The economist said, “What we are trying to do is to use land sales as an important means of financing over the next four to five years. We are looking at our land holdings to see what is possible. Then (we will) decide on how to structure the sales. We have a fair idea to get (sums). So that is a significant source of income.”
He added, “We asked for $12B this year and we got $9B. The rest has to be supplied by land sales. We are also trying to get the (private cane) farmers to diversify into other industries, if they want to. (Also) we have processing plants in Wales so we want to do some (more) juice canning.” Dr. Thomas stated that offers have already been coming in for the corporation to consider. The Chairman also spoke about land along Mandela Avenue, which the corporation had realized was being disposed of by the Georgetown Mayor and City Council (M&CC).
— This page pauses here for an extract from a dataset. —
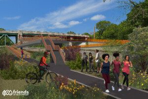 For the past five years Friends has diligently worked toward a solution to this issue. This site provides a unique challenge in that it is landlocked by private landowners with limited access for maintenance or repairs. Friends implemented temporary, low-cost fixes, but these were unsuccessful due to increased water in the area. Working with a local engineering firm, Friends identified another solution that would reside solely on Friend’s property. Due to limited space, this solution is more costly than originally anticipated. Friends will place a pipe underneath the trail that will carry the water from the drainage pipe from railroad property and connect into existing drainage on the river side of the trail and flow to the river.

He stated that this was attributed to a misconception that the land belonged to the M&CC.
As for the “extreme” recommendations noted in the report on the Commission of Inquiry into the sugar industry, Dr. Thomas cautioned that those working in the sector should not be worried for one bit whether the sector would be closing shop.
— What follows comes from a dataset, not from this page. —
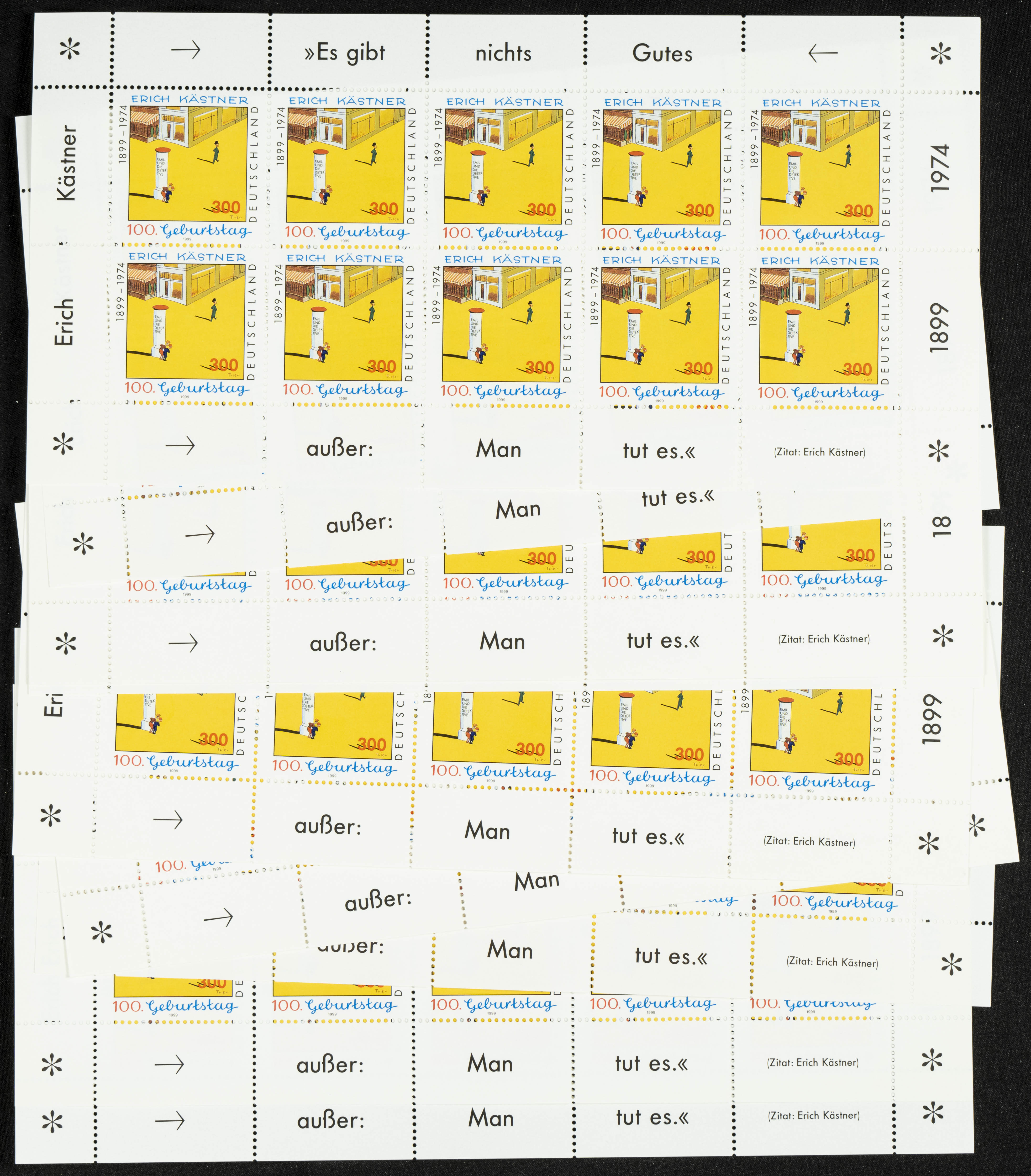English Yvert 1867 (150). 1999. Set of one hundred and fifty Erich Kastner miniature stamps from 1999, West Germany, mint condition. TO BE EXAMINED. Yvert 2022: 675 Euros

“Indeed the changes that are coming will be radical, but it is necessary, because you cannot expect to be doing the same thing every year and getting different results. But we aren’t closing shop. We are concerned about the survival of this industry, but more importantly, bringing it to good health.
“We are trying to move towards value added products coming out of the sugar assets. We are trying to use the assets of the industry in a more creative way.”
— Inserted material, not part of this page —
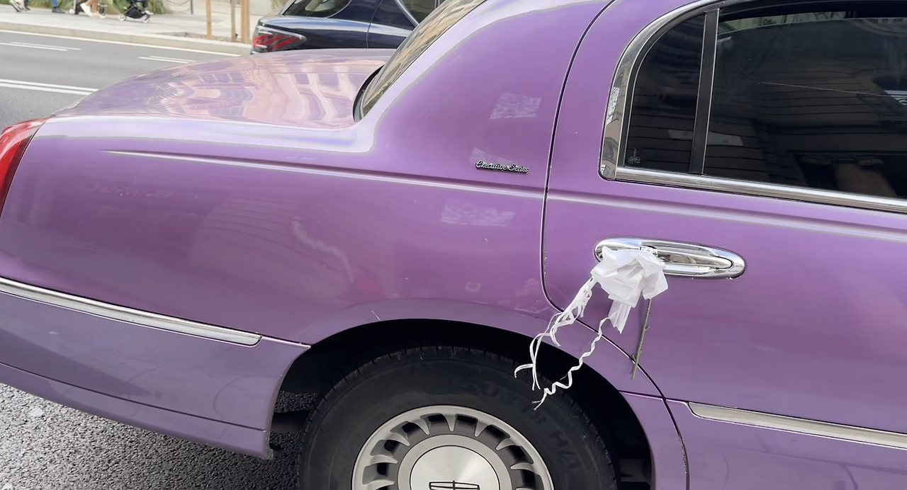 유니크한 보라색 리무진도 봤다. 흰색 리본을 보니 웨딩카인가 보다. 뉘신지 모르지만 결혼 축하드립니다.

Dr. Thomas said that he is working towards recovering Skeldon’s co-generation plant which was sold to Skeldon Energy Inc. (SEI).
He said that the former CEO of GuySuCo, Rajendra Singh, sold the company’s generation facilities to Skeldon Energy Inc—a Special Purpose Company jointly owned by the Guyana Power and Light (GPL) and the National Industrial and Commercial Investments Limited (NICIL), for US$30m, only to have it buy back power to run the factory.
To date the sugar company has also only been paid US$19M of the agreed US$30M and SEI has since indicated that it could revise the outstanding US$11M amount. Dr. Thomas told Kaieteur News that it is imperative that the plant be recovered, as it is a major supplier of power and basically the lifeline of the factory.
“It is such a major producer of power that it supplies 90,000 households in Berbice. We are in discussions with having that sale being reversed from being the property of GPL. It is an important pillar for GuySuCo.
We are hoping to get it for next year. We want to be able to sell GPL power. We are getting ripped off with the plant being in the possession of another company.” The GuySuCo Chairman explained that high on the entity’s list of priorities is moving towards the diversification of the sugar industry especially as it regards refined sugar. He noted that GuySuCo is still working to achieve a breakthrough with a new upgraded sugar called, “Enmore Crystals.”
“This product will help to give us some leverage to sell our sugar for more. This packaged sugar is only being done in small quantities for the markets in Canada, USA and Britain.” The GuySuCo Chairman said that the Board and Management believe that the packaged sugar will do better than “the ordinary sugar sold in the transparent plastic bag.” He noted that samples are already being taken to the three markets he outlined, among other places where contacts are made. Dr. Thomas said, “We are trying to penetrate the market with small quantities and build up as time goes. We are basically doing this to see how we can get a higher price for our sugar.
“And so far, it has been receiving favourable reviews from our international contacts, so we are looking to see how this works out. But there are other plans in the pipeline for the diversification of this product and bringing the industry back to good health.”